Anticipating the opening of "Elizabeth: The Golden Age," the incomparable Cate Blanchett's second outing as the virgin queen, we deal a royal flush of 10 silver-screen depictions of kings and queens.

"Excalibur" (1981)
A gorgeous dream of utopia begun and lost, "Excalibur" hearkens back to that time when all things physical and spiritual depended on the king and queen's connubial bliss. His skull elegantly clasped in shining silver, Merlin's in charge, mostly, as the wily con artist, sorcerer, and quasi-film director (Nicol Williamson) who sets in motion Arthur's conception and rise to power -- so that the green kid (Nigel Terry) and his sweetheart Guinevere (Cherie Lunghi) can advance the cause of civilization in barbaric Britain. Director John Boorman ("Deliverance," "The General") deftly mixes pagan and Christian symbolism in this eroticized passage from natural love and landscapes into a surreal hell where power-mad Morgana (Helen Mirren, sexually splendiferous) encourages Mordred, the son she got through incest, to slaughter his father Arthur and unhinge the world.

"Alexander Nevsky" (1938)
Sergei Eisenstein's vision of mythic kingship plays more like exultantly epic music (Prokofiev composed the famous score) and archetypal sculpture than moving picture. The 13th-century Teutonic knights who invade and violate Mother Russia are dehumanized, bucket-helmeted kin to the gold-masked Mordred of "Excalibur." They come on like hard-edged Death, the medieval equivalent of panzer divisions.
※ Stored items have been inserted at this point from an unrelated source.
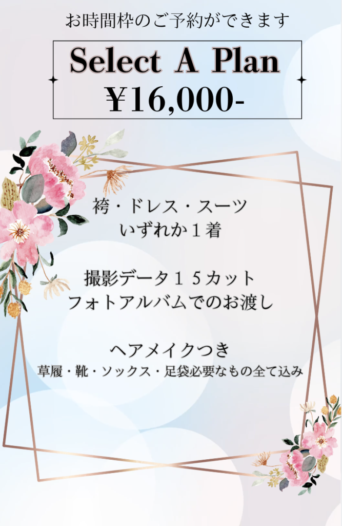 袴・ドレス・スーツから1着選んでいただけます。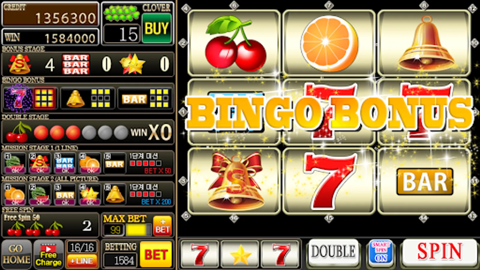 : When bingo is completed, clover is provided.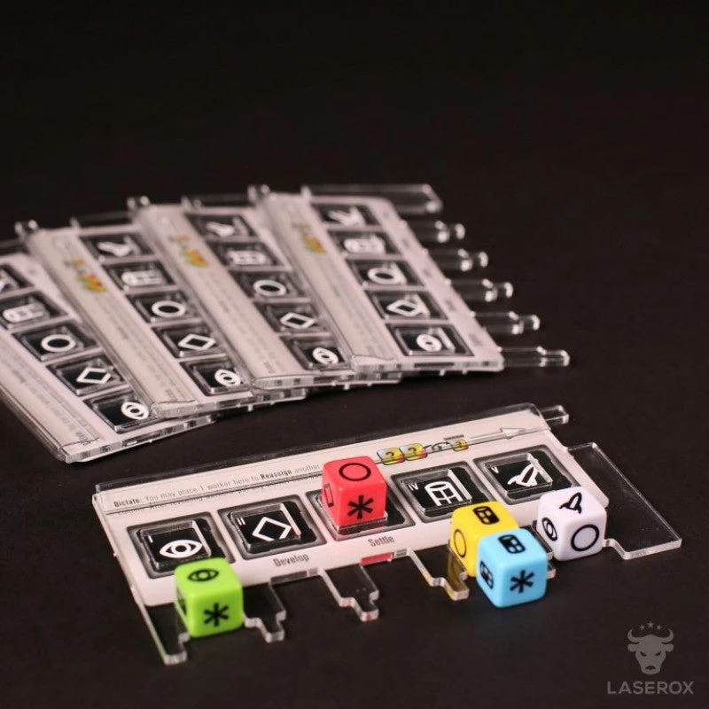 You have all the dice flying around in your box? Get our Stardust Storage for Roll for the Galaxyâ„¢ to keep all things neatly organized! Store the dice in the dice container, with easy to use overlays. This organizer will support the base game and the Galaxy: Ambition expansion.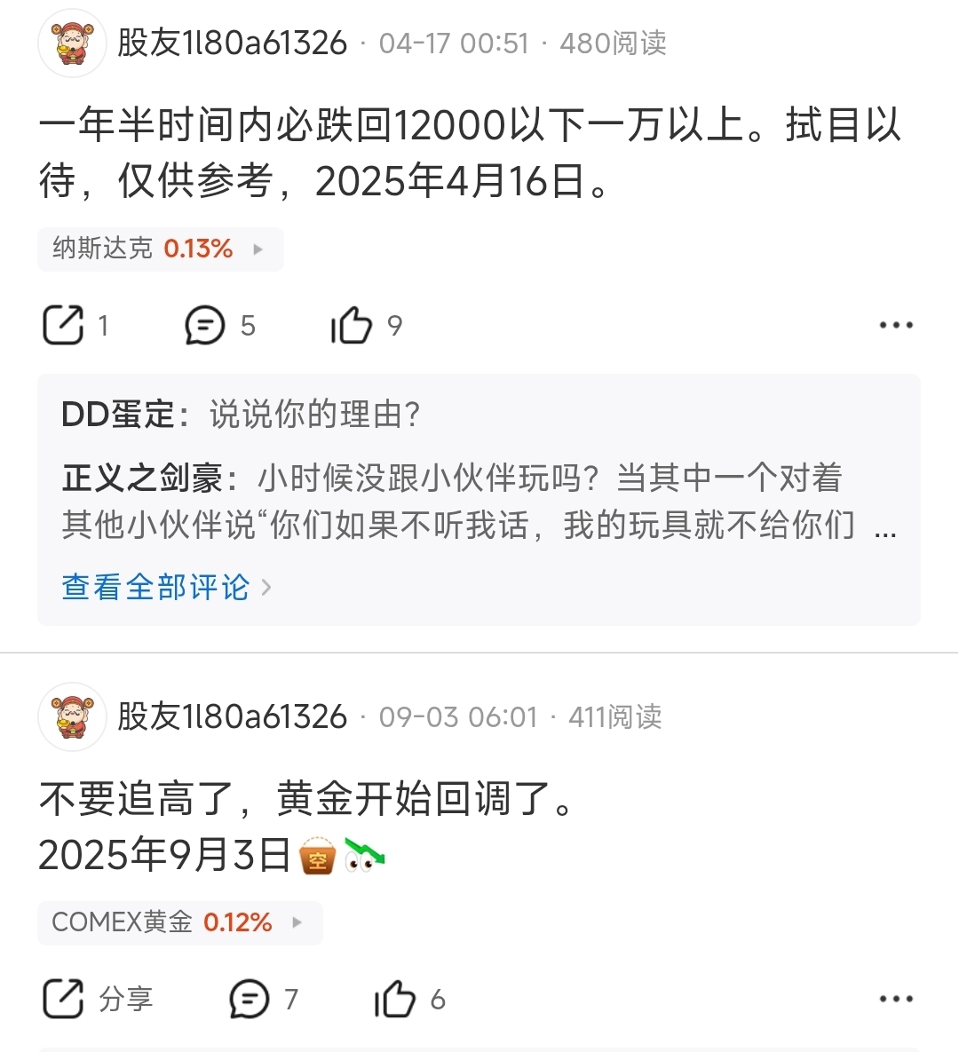 $日出东方(SH603366)$ 这就是个铁憨憨,大家别当真,哈哈哈哈。从它说纳指要到12000以下后,现在已经23576了。从它说黄金别追高后,现在也比9月3日高出16%了。这个憨憨就只会看以往数据,对未来判断基本没对过。

Like King Arthur, Prince Nevsky belongs to the earth: he and his grufty soldiers seem to literally rise up out of the Motherland, a harvest of heroes, and the foreign invaders are swallowed by Russia in the decisive battle on an ice-locked lake. Usually bare-faced, blond Nevsky presents his noble visage to his subjects and the camera as though it were God's gift, a natural-born icon. (Stalin had just signed a non-aggression pact with Hitler, so "Nevsky" was suppressed -- but not for long.)

"Henry V" (1989)
When Laurence Olivier directed and starred in his "Henry V" in 1944, the spectacle of a slacker-prince growing up overnight into a wise, warlike king was just the ticket for an England under Hitler's hammer. At 37, Olivier played his reformed Hal as a brave and urbane model of royalty, a self-possessed leader in Britain's assault on a foreign power. But 28-year-old director-star Kenneth Branagh's Hank Cinq, when first glimpsed lounging on the throne, looks like a tousle-haired tot, cousin to Jimmy Cagney. Hissing snarky orations through thinned lips or bellowing bellicose rants, Branagh's a calculating boy, sadly lacking in charisma. Worse, this princeling's bent on breaking the peace for no good reason -- except that winning an overseas war will prove he's a warrior-king worthy to follow in Dad and Granddad's footsteps. Reportedly, Branagh's "Henry V" aimed to skewer Margaret Thatcher's 1982 Falklands adventure, but so subtle is Shakespeare that the play now reminds us of the feckless scion of a contemporary American dynasty and his improvident foreign war.